Burundi Musumba 3 Filter Coffee Beans

Filter 1kg
€59,40 €51,70 excl. VAT
In Stock (>5 pcs)
Delivery to:

Grapefruit, Chamomile, Honey


Detailed information

Product detailed description


Bukeye Washing Station
1800-1900 masl
Brewing Method:
Aeropress, Chemex, French Press, V60, Vacuum Pot, Moka Pot


Almost every inch of Musumba is covered in the silvery-grey of eucalyptus trees. Smoke billows up from the valley below where brick makers are hard at work. Beans and sweet potatoes are prized crops after coffee, as it is grown in large quantities and helps to sustain households’ income throughout the year. Cassava, potato, maize, peas, bananas, onions and tea are also grown by farming families in the hill’s rich soils. The canopies of banana trees that surround farmers’ fields create a cool climate for coffee to grow in.

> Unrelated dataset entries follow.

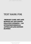 TEST BANK FOR PRIMARY CARE ART AND SCIENCE OF ADVANCED PRACTICE NURSING – AN INTERPROFESSIONAL APPROACH 5TH EDITION DUNPHY ALL CHAPTERS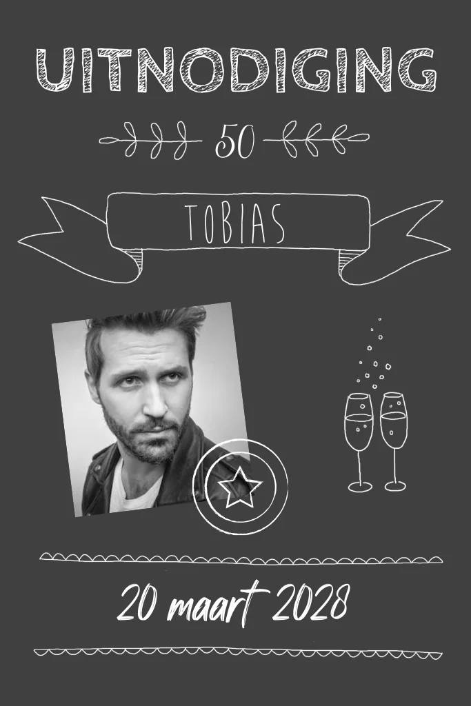 Verjaardagsuitnodiging 50 in zwart wit handlettering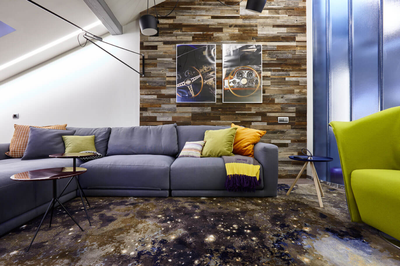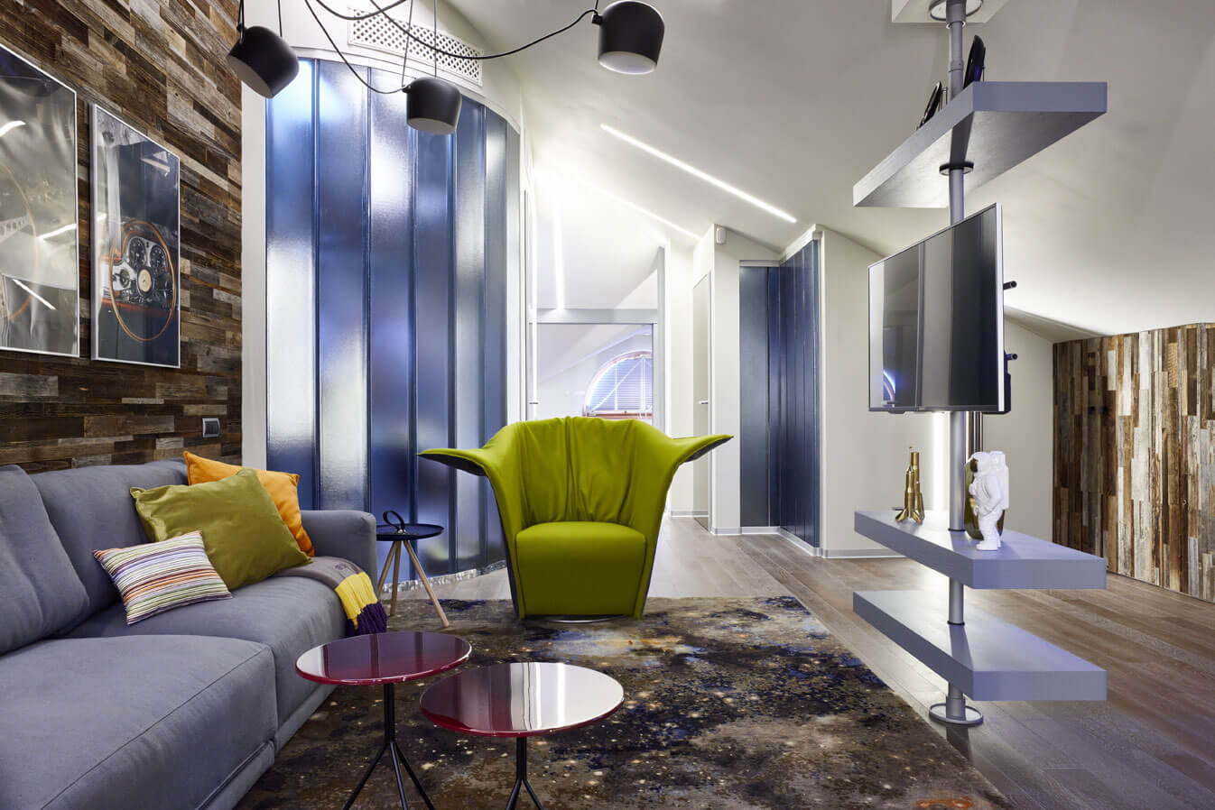 Динамику и настроение задают акцентные элементы: эффектные столики-скульптуры, ковер с изображением галактики и композиция из подвесных светильников — вместе они создают ощущение вращения в космической бесконечности, усиливая игривый и современный дух пространства.

The 8km journey from Musumba to Bukeye Washing Station is long and tiring. Farmers have to climb up steep hills and back down narrow dirt paths to reach Bukeye. They walk through some of the most beautiful scenery, but have no time to stop and appreciate it, concentrating on the heavy load of cherries resting on their heads. They pass two other washing stations nestled in Musumba’s rolling hills, choosing to travel the distance to Bukeye because with Long Miles they say they have found hope. Unlike most other regions in Burundi, this hill was left almost untouched by war. It was a peaceful island in the midst of cyclical violence and destruction. Despite this, Musumba has been our greatest challenge, with many old coffee trees and run-down farms. Yet, it's a hill we won’t give up on because it holds so much potential.

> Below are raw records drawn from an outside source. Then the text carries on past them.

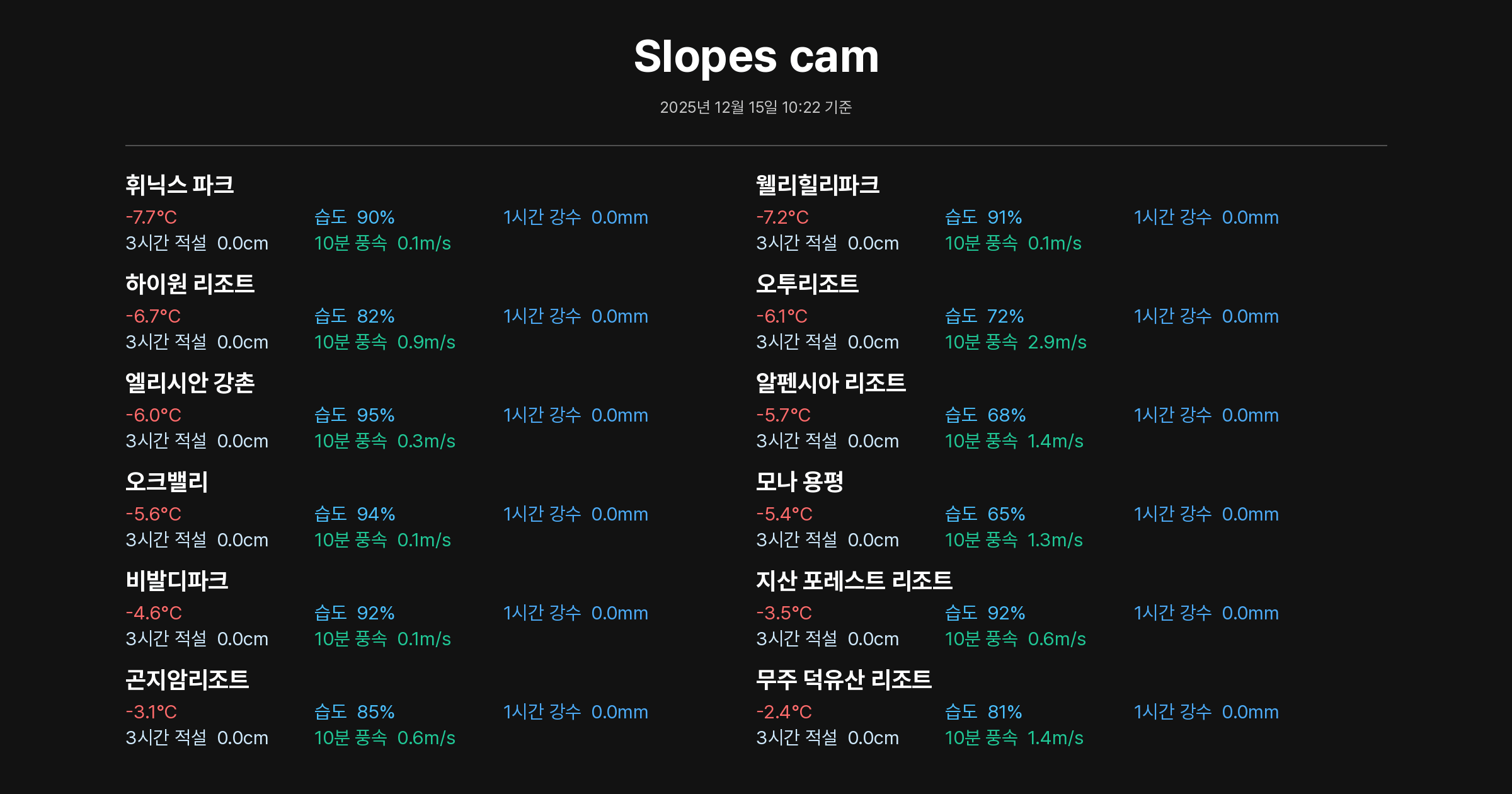 - 전국 스키장의 실시간 날씨 정보를 제공합니다.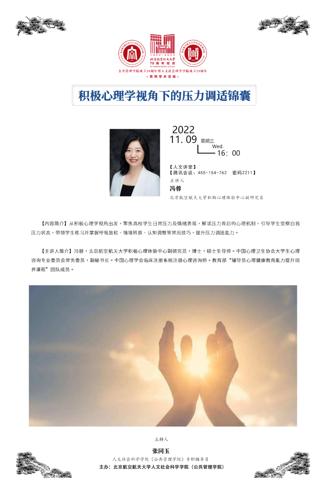 “毓秀人文”系列文体活动,助力人文人全面发展。恰逢建校70周年,研会成员积极参与献词团、主演校庆晚会等,积极承办校庆嘉年华外场、组织参与校运动会,航篮杯、航文杯篮球赛,“本草纲目”毽子操等众多体育赛事,增进与公司及其他院系的合作交流。举办“乐活人文·动力青春”人文嘉年华活动,促进师生关系,加强体育锻炼、提升身体素质。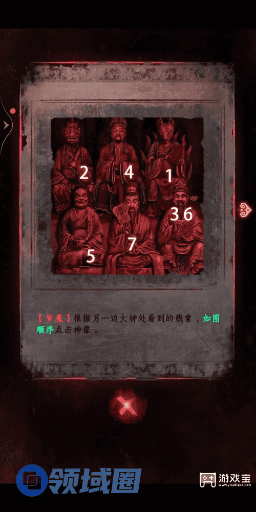 10.点击神像:在“梦魇”场景,根据“往昔”大钟处的线索,按顺序点击神像。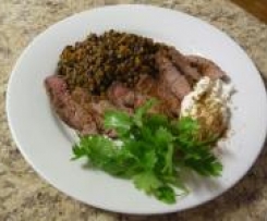 10. To serve; Cut the lamb across the grain into 1cm slices, place a mound of lentils in the centre of each plate, arrange 6-8 lamb pieces around the lentils and serve with a dollop of thick Greek yoghurt (or Raita from the Indian Cookbook) and a sprig of coriander.

Bukeye Washing Station has its own borehole water source and a granite filtered well. During the fully washed process freshly harvested cherries are delivered by coffee farmers to the Long Miles Coffee Washing Station, then floated and hand-sorted for ripeness upon arrival. The cherries are pulped and undergo a single fermentation process. Parchment spends around twelve hours dry fermenting. The parchment is sometimes ‘footed’ after fermentation. A team will agitate and dance on the slippery coffee parchment by foot, helping to loosen any remaining mucilage clinging to it. It is then rinsed in fresh water, graded by density and left to soak for another four to six hours in the final rinse tank. The parchment is carried to covered drying tables where it spends between six and fourty-eight hours pre-drying. During this time, it is hand-picked for under-ripeness, over-ripeness, insect damage and visual defects. It is then moved to traditional African raised tables where it spends between sixteen to twenty days slow drying (depending on the weather) until it reaches the desired 10.5% moisture level.